After a moment, Helge looked back at her mother. Her eyes were dark, glistening with unshed tears. "I had no idea."
"I didn't want you to.
I really
didn't want to lay that on you." Patricia held out a hand. After a moment, her daughter took it. "But you wanted to know why I want to change the Clan."
"Oh, Mom." Helge rose, then knelt in front of the wheelchair. She laid her head on her mother's lap, hugging her. "I'm sorry."
"Hush. It's not your fault."
"But I thought you-"
"Yeah, I know what you thought. It's the usual Clan mother/daughter rivalry. But like I said, we're not going to play by their rules. Are you with me?"
"Yes," said Helge.
"Excellent." Her mother stroked the nape of her neck lightly. "You and me, kid. Together we'll make this thing work."

 

In the end, the coup came down to simple economics. The emergency government had neglected to pay their employees for three weeks; whereas Sir Adam's party had, if not put a chicken in every pot, at least put a loaf of bread and tripe in dripping on every table that was spread with yesterday's copy of
The Leveler
in lieu of a tablecloth. They didn't have money but they had plenty of guns, and so they'd sent the party militia to seize control of the dockside warehouses. Wherein they found plenty of bulk grain that had been stockpiled for export, and which they lost no time in distributing to the people. It was a short-term gambit, but it paid off: Nothing buys friends in a famine like a temporarily full belly.

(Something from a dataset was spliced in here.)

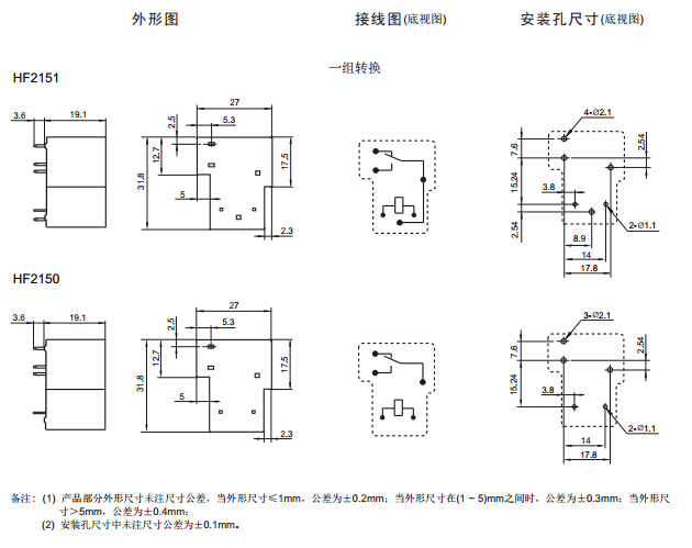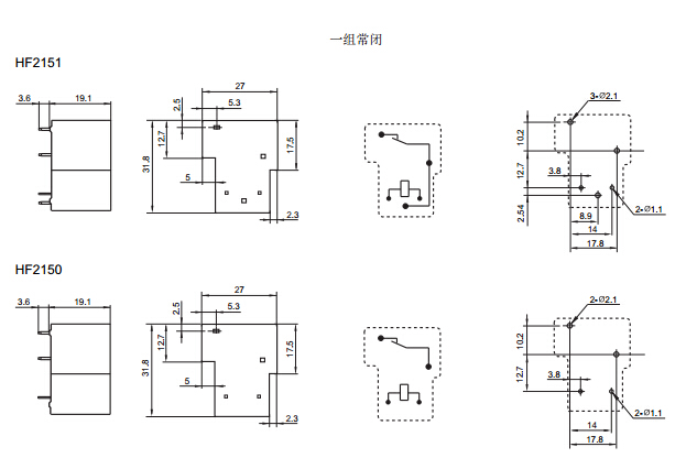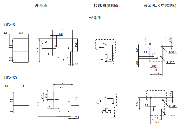 · 具有一組常開、常閉、轉(zhuǎn)換觸點(diǎn)形式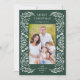 Este cartão verde-escuro de Natal apresenta uma elegante borda verde branca de inverno do que enquadra a foto vertical. O verso oferece texto personalizado para sua mensagem pessoal.

The morning of the coup came three days after the Patriot Club withdrew from the emergency assembly. Patriot gangs had taken to the streets of New London, protesting the Levelers' presence in the debating chamber with paving stones and pry bars. They'd scoured the army barracks, recruiting the wrong kind of soldiers-angry, unpaid young men, their bellies full of looted beer, looking for someone to blame. "We can't allow this to continue," Sir Adam had said, his voice tinny over the crackling electrograph conference call. "They'll cause chaos, and the people will blame us for losing control of the situation. So they must be stopped. Tomorrow morning, I want to see every man we've got turned out and ready for action. The Freedom Riders will patrol the streets around Parliament and the government buildings on Grosvenor Street; those of you in charge of departments will go to your offices with your guards and secure them against intrusion."